Every year I attend the American Academy of Forensic Science conference, a massive interdisciplinary gathering of forensic professionals. It's nothing short of a smorgasbord of learning. This year's lectures included titles such as "Look in the Freezer-A Story of a Murder," "The Psychopathic Profile of Cannibals", "Forensic Imaging in Two Cases of Survived Car Surfing in Zurich", "Assessing the Construction and Performance Potential of Improvised Hand Grenades," "Cable-tie Neck Ligatures," "Three Attorneys Participate in Fingerprint Proficiency Testing," and "Elevator Related Deaths." Although the last two are the stuff of nightmares, they do not disappoint.
The conferences are mini-reunions too. I meet up with good friends who trained with me in pathology, then scattered across the country upon graduating. They are a warm and welcoming group of ladies. We always find delicious food to eat and fun things to do no matter where we go. I've also started meeting people through the book writing process. It's neat to be able to get together with some of the people I've interviewed.

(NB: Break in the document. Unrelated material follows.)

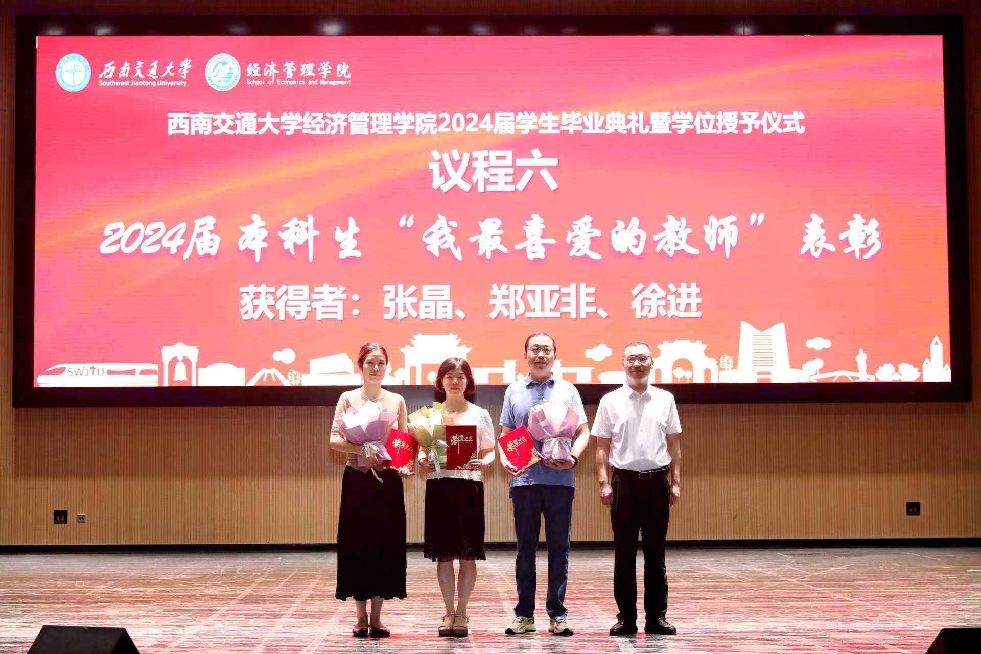学院院长韩科宣读2024届本科毕业生“我最喜爱的教师”获奖名单,获奖老师分别是:张晶、郑亚非、徐进,副院长聂佳佳为获奖教师颁奖。

It's also slightly intimidating, because they are way cooler than me, but I am learning to chill out about it and not be overly concerned with differential achievement levels.
Unfortunately, I am zero chill when it comes to talking to people I've had awkward moments with in the past. Something about the past sticks with you. I'd really like to learn how to overcome this. I think the secret may be to have so many other things going on that you can focus on something else besides your awkwardness. The more you think about it, the awkward-er you get.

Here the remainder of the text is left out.